I got fortran code of nasty old syntax and want to port to new syntax.我得到了令人讨厌的旧语法的 fortran 代码,并希望移植到新语法。 My sed command我的sed命令

sed -nr 'N;s/\n\s*\d\D\s*//g' file 

should find numbered line breaks, but doesn't work for a reason I don't know.应该找到编号的换行符,但由于我不知道的原因而不起作用。 I already had a look in numberous multiline- sed questions here and I still can't fid my misunderstanding.我已经在numberous multiline-看看sed的问题在这里,我仍然不能FID我的误解。 From my understanding the command works like this:根据我的理解,该命令的工作方式如下:

N                   append next line to pattern space; thus pattern space has two lines with \n in between
s///g               usual search-replace
\n\s*\d\D\s*        matches a newline followed by \s*, a digit, a non-digit and a \s* again

The source code looks like源代码看起来像

   if(condition) then 
         call func1(v1, v2, v3, v4
     1              ,v5,v6,v7)
      else
         call func2(v1, v2, v3, v4
     1              ,v5,v6,v7)
      endif
call MPI_BCAST(num(1),1,MPI_DOUBLE_PRECISION
     1     ,masterid,comm,mpinfo)
21      format(' text',2x,f10.5)

and should transform to the target code并且应该转换为目标代码

   if(condition) then 
         call func1(v1, v2, v3, v4,v5,v6,v7)
      else
         call func2(v1, v2, v3, v4,v5,v6,v7)
      endif
call MPI_BCAST(num(1),1,MPI_DOUBLE_PRECISION,masterid,comm,mpinfo)
21      format(' text',2x,f10.5)

This might work for you (GNU sed):这可能对你有用(GNU sed):

sed -E ':a;N;s/\n\s*[0-9]\s*([^0-9])/\1/;ta;P;D' file

Traverse through the file using a 2 line window.使用 2 行窗口遍历文件。

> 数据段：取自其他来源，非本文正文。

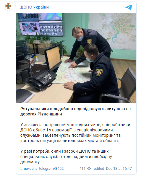 Указывается, что из-за снегопада спасатели круглосуточно отслеживают ситуацию на дорогах Ровенской области во взаимодействии с профильными службами. При этом в случае необходимости силы и средства ГСЧС и других специальных служб будут готовы оказать помощь.

If the second line starts with some or no white space, followed by a digit, followed by some more or no white space, followed by a non-digit, replace this by the non-digit and repeat.如果第二行以一些空格或没有空格开头,后跟一个数字,然后是更多或没有空格,然后是一个非数字,用非数字替换它并重复。 Otherwise print the first line of the window, then delete it and repeat.否则打印窗口的第一行,然后删除它并重复。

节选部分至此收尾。